Under the proposal, National wants to prevent gang members from hanging out with other gang members.
It also proposes setting up a specialised police unit in New Zealand to check for liquor licences if alcohol is served at a gang pad, inspect tax records for welfare fraud, take away drivers' licences if traffic fines are unpaid, and use council rules to shut down gang clubhouses for shoddy workmanship or unconsented work.
National also wants a ban on gang patches from public places, revoke parole for gang members who return to gangs on release, create new sentences for violent gang crime and have greater police powers to search the homes and cars of gang members.
"As long as they deal and manufacture drugs and carry out violence in our communities I will do everything I can to stop them," Mitchell told the Rotorua Daily Post.
"As for receiving the dole, our policy is that gang members should prove they're not receiving illegal income. If gangs are following the law then they have nothing to worry about. If they're breaking the law, they don't deserve taxpayers' money."
His comments come after Mongrel Mob's Ōpōtiki chapter president Barney Hunuhunu said National's policies were concerning and would split up families.
Hunuhunu has led the chapter since 2008.
"The bottom line is he wants to get rid of gangs themselves, which would take longer than his lifetime. Good luck to him," Hunuhunu said.
He said in many cases multiple members of the same family were part of the same chapter or wider gang.
"A gang member today is often a son, a moko - they're whānau of others in our crew. Are we not allowed to spend time with our own family members? Our friends have married into our families."
Hunuhunu said National's proposals to stop gang members' social welfare support would ultimately hurt families supported by gang members.
Whanau Ora commissioning chairwoman and Rotorua district councillor Merepeka Raukawa-Tait has also condemned National's new gang plans, calling them "a big fat waste of time".
"I don't see anything changing with what they are proposing. Obviously, no one has sat down and thought through 'what are we really trying to achieve here?'"
Like Hunuhunu, she said gangs were whānau.
"They operate within their own ecosystem for their own survival.
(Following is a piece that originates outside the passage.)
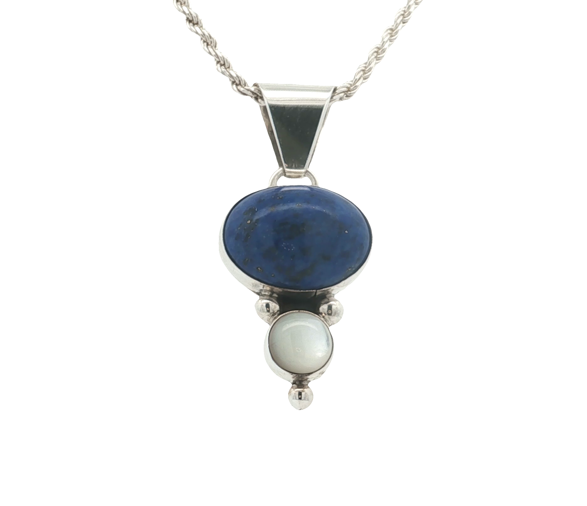 Sterling Silver Drop Pendant With Lapis And Mother Of Pearl

They know no one gives a **** about them, and being marginalised they survive by any means possible. And they have.
"Simon Bridges had the same opportunity as I had recently to speak at the Waikato Mongrel Mob Kingdom Chapter. Why didn't he go and tell them he was coming after them?"
Raukawa-Tait said aging gang leaders wanted their mokopuna "to have better opportunities than they had".
"They are acutely aware that methamphetamine is stunting their younger members in particular, in all areas of their lives ... With National running the line 'hit them and hit them hard' I only see seriously injured police officers or worse. The gangs have nothing to lose by fighting back."
She said "new thinking" was needed.
"That will involve talking to some of the gang members who have managed to turn their lives around. What brought about their desire to change, who influenced this change and how have they managed to stay out of trouble?
"No one says it will be easy but National are taking a back to the future approach. Never worked then, won't work now."
However, Rotorua father Rendall Jack, who believes a Rotorua gang was behind his son's murder, has called National's policies "a move in the right direction".
"It worries me that people who haven't been affected or had their life changed by gangs will struggle to recognise the danger or threat they pose. Most gang crime is not reported because they use fear tactics, threats and, when the opportunity arises, they extort.
"It is the usually drug-fuelled bravado image and their training that desensitises them to the carnage they cause and the people they hurt."
He said banning patches would make gangs far less appealing to recruits.
"Instead of intimidating others, they become the target and the bane of the public eye. A strong and equipped force directed at them would change the game. People will feel safer when gangs are put in their place."
Figures released by Police Minister Stuart Nash earlier this year showed one in five of New Zealand's patched gang members lives in the Bay of Plenty.
The total number of patched gang members in the country had increased by 26 per cent since October 2017.
Bay gang member numbers rose from 1058 in 2017, to 1380 to the end of August this year.
National's proposals raise human rights issues including freedom of movement, freedom of association, freedom of expression, the presumption of innocence and the right to be free from unreasonable search, an expert said.
Waikato University psychology and crime senior lecturer Dr Armon Tamatea told the Rotorua Daily Post National's focus on gangs failed to consider the large numbers of offenders who were not gang-connected.
"The approach is clearly militant."
He said he was "no apologist to gangs" but felt National's policy would promote marginality, "which is often a large reason why people join gangs in the first place".
"I think cosmetically this approach will appeal to people who have black and white views of gangs but this can also create more problems, such as gangs going underground."
He said National's policy would not help address related issues such as poverty, racial marginalisation, health inequities, and suicide.
Prime Minister Jacinda Ardern shunned National's plans.
"Our police already do incredible work... We already have organised crime units, we have specialists within New Zealand police on the issue of gangs."
She said of the 1800 new police officers this parliamentary term, 700 were tasked with tackling organised crime and gangs.